Personal information
- Full name: Matías Omar Pérez Laborda
- Date of birth: July 20, 1985 (age 39)
- Place of birth: Cardona, Uruguay
- Height: 1.73 m (5 ft 8 in)
- Position(s): Left back

Senior career*
- Years: Team / Apps / (Gls)
- 2006–2007: Peñarol / 21 / (1)
- 2007–2009: Danubio / 53 / (6)
- 2009–2010: Arsenal de Sarandí / 16 / (2)
- 2010: Danubio / 11 / (2)
- 2011: Santiago Wanderers / 25 / (3)
- 2012: Universidad Católica / 22 / (0)
- 2013: Danubio / 13 / (1)
- 2013–2014: Quilmes / 7 / (0)
- 2014–2015: Juventud / 26 / (5)
- 2015: Omonia / 1 / (0)
- 2016: Rentistas / 6 / (0)
- 2016–2017: Boston River / 2 / (0)
- 2017: Fénix / 1 / (0)
- 2017: Danubio / 4 / (0)
- 2018: Atenas / 4 / (0)

= Matías Pérez (footballer, born 1985) =

Uruguayan footballer

Matías Omar Pérez Laborda (born 20 July 1985) is a Uruguayan football player who plays as a left back.

==Career==
Pérez began his career playing for Uruguayan club Peñarol in 2006. He joined Danubio in 2007.

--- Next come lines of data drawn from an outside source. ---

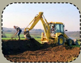
Derc'hel pe adkrouiñ ur c'harzhaoueg stank.
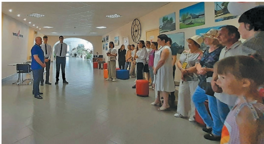
▲ Нуви сәңхум район кәща хә С.П. Маненков вўща верл

Тәм тәхийн эвет-пухәт әнтә тәп информатика, физика, биология, химия олаңән аршәк уша верты питлät, щит туппи тәм йис йилуп верәт олаңән ищи айкелät акаҗтты палўнәтты питлät, научной рәпатайт хәншты питлät па арсыр нумсаң, кәсупсәтн кәсты.
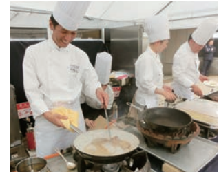
過去の出店の様子
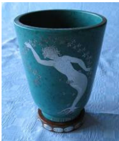
Jullepokalen 1945-54 Vinnare : J22 nr 33
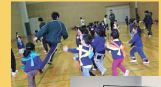
幼稚園児を大学に招いて運動プログラムを提供する活動

学生には、言葉では語られない部分の五感をしっかり感じながら、様々な年代や立場の違う人との関わりを大切に、多角的な方向から物事を考えて判断できる人になってほしいと考えています。
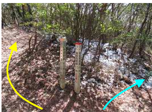
鉄塔周回コース分岐。右へ下れば山腹を周回して樫木畑の13号鉄塔に出る。左は縦走路。
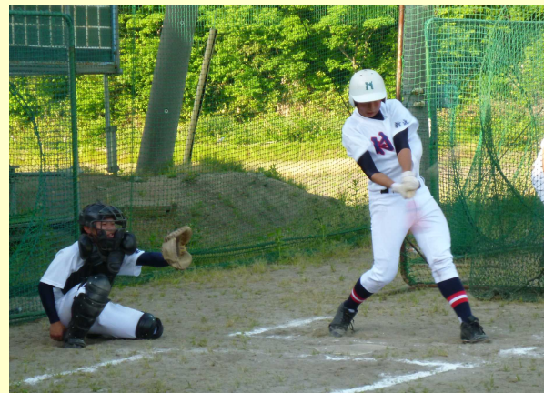
上位を目指して日々練習に励む野球部
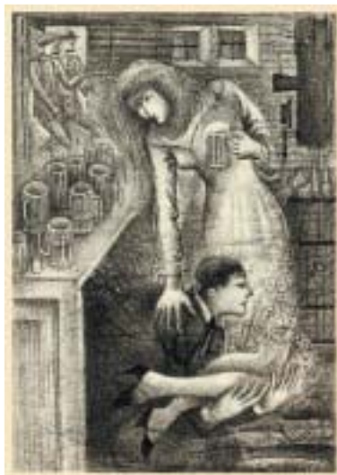
Ilustrace k Zámku , 1977/78.
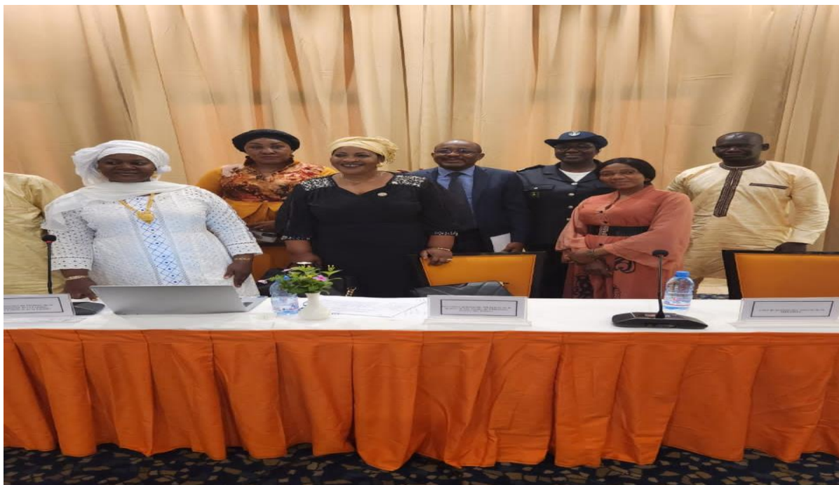
Figure 36 : Image de l'atelier d'échange organisé par la Mission de l'Union Africaine pour le Mali et le Sahel

In 2009 Pérez joined Argentine side Arsenal de Sarandí. He made his debut for the club on 22 August 2009 in a 0–2 home defeat to Estudiantes de La Plata. He scored his first goal for the club on 8 October 2009 in a 4–1 away defeat to Colón de Santa Fe.

In August 2010 he returned to Danubio. After playing the Torneo Apertura with Danubio, when he scored 2 goals in 11 matches he left the club to join Santiago Wanderers.